I used Tubbs Katahdins for 20 years, They are still usable but dont have ascenders and the heel claws is worn down to knubs. I believe they were a knock off of the original Sherpa patent and came on the market months after the Sherpa patents ran out. Sherpa owned the backcountry snowshoe market prior to that for a pivoting binding. I think the Tubbs were so close to the Sherpa design that folks were installing the Tubbs TD91 bindings on Sherpas. The pivot design consisted of a larger diameter steel rod that ran from frame rail to frame rail. On the Tubb's there was a loop on either end that was attached to the frame with a nylon strap that was riveted in place. Prior to the loops being formed, there was a nylon tube slid over the rod. The binding had a formed groove that clamped over the nylon tube. IMHO it was superior design once Tubbs worked through a materials issue in the first production run. I got 20 years off of them of hiking in the whites including winter 4KS. There are plenty of Sherpas that lasted as long and for years they were the staple of the rental stores and AMC winter school. Unless New Hampshire F&G has changed recently, they were still using them for rescues as of 4 or 5 years ago despite being out of production for over 20 years. (Note IRL in Canada still make the near identical design for industrial use albeit at a steep price). IMHO its superior pivot design to the MSR pivot pins as there is no metal to metal contact. The only failure point would be the attachment of the loop to the frame which can be field fixed with tiewraps or copper wire. Still a PITA but far more glove friendly.
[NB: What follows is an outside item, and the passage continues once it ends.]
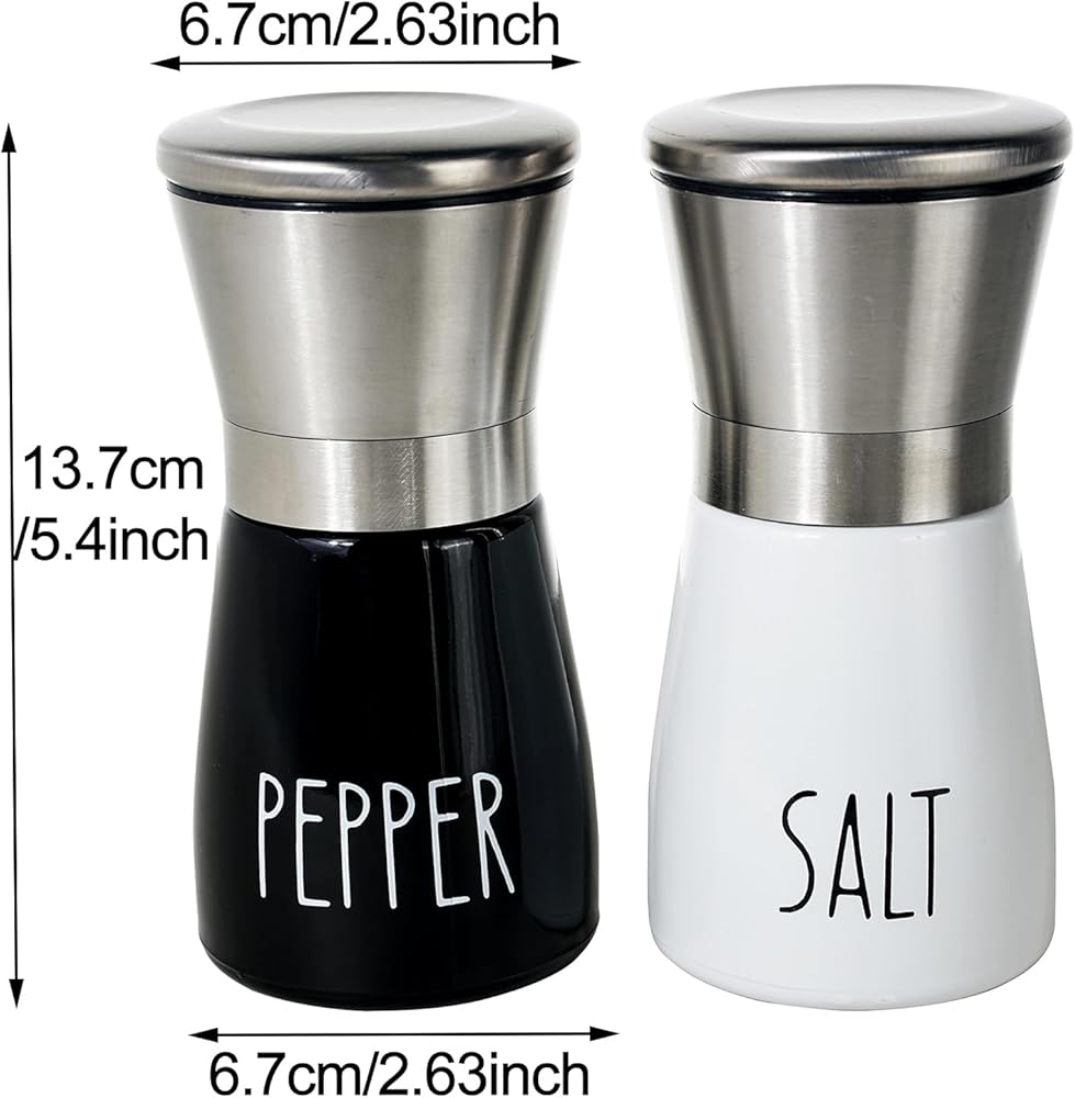 2PCS Salt and Pepper Grinder Set, Black and White Original Salt and Pepper Grinder Set - Adjustable Sea Salt Grinder & Pepper Grinder - Stainless Steel & Glass Salt and Pepper Shakers 2pack
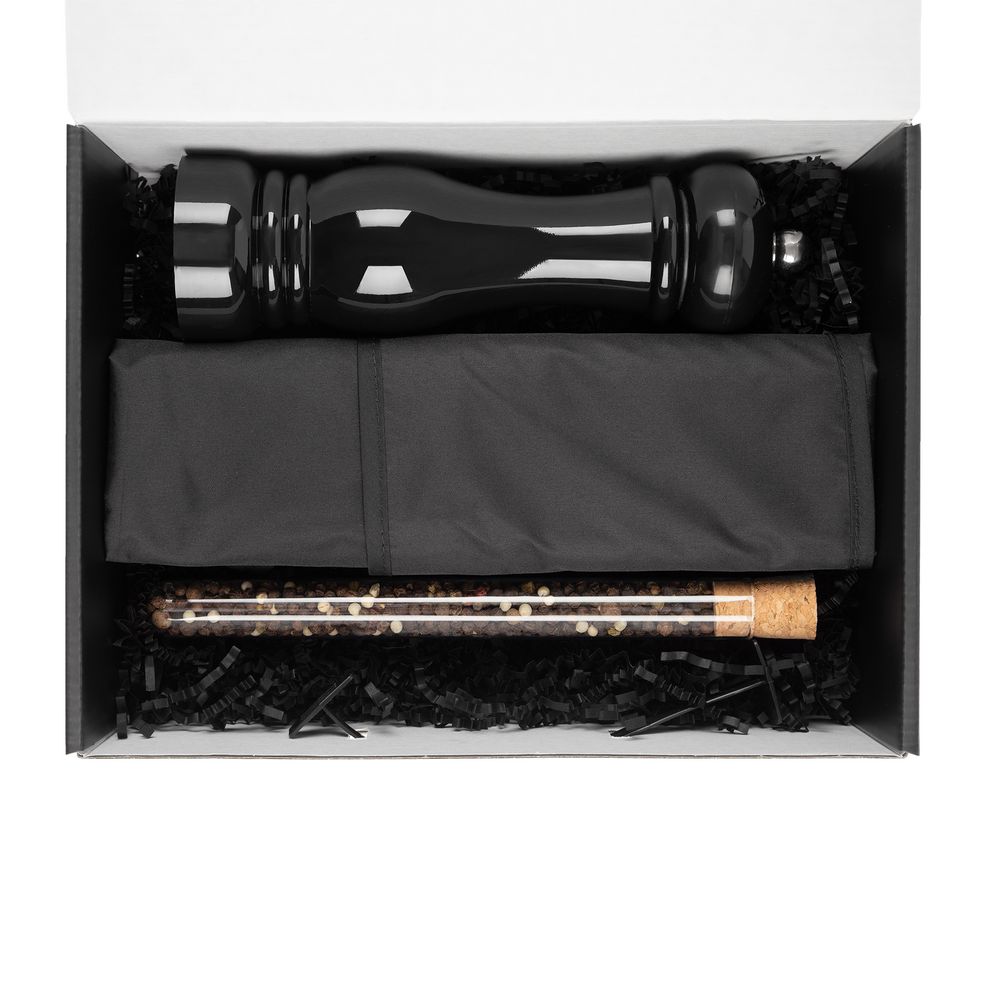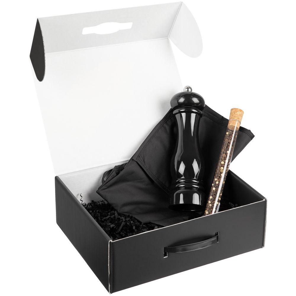 | Материал | мельница — пластик, АБС; фартук — полиэстер; специи — стекло; коробка — картон |

MSR has been using the pivot pin design since they came out with the "radical" injection molded snowshoe. It took several years of annual upgrades to deal with design flaws but they eventually came up with a beefy design. Not sure why they went with the pins compared to the Tubbs and prior Sherpa binding but it may have been patentable feature to keep knock offs at bay. Alternatively it just may cost less. I do object that MSR is unwilling to sell bindings only so the Paragon binding could be used to upgrade older snowshoes but figure its marketing ploy of maybe its that they want to let the hiking public discover flaws in the new design. At least MSR does support their product well when it does break and is based in the US with at least some production in the states (the Denali's production at one point shifted to Ireland).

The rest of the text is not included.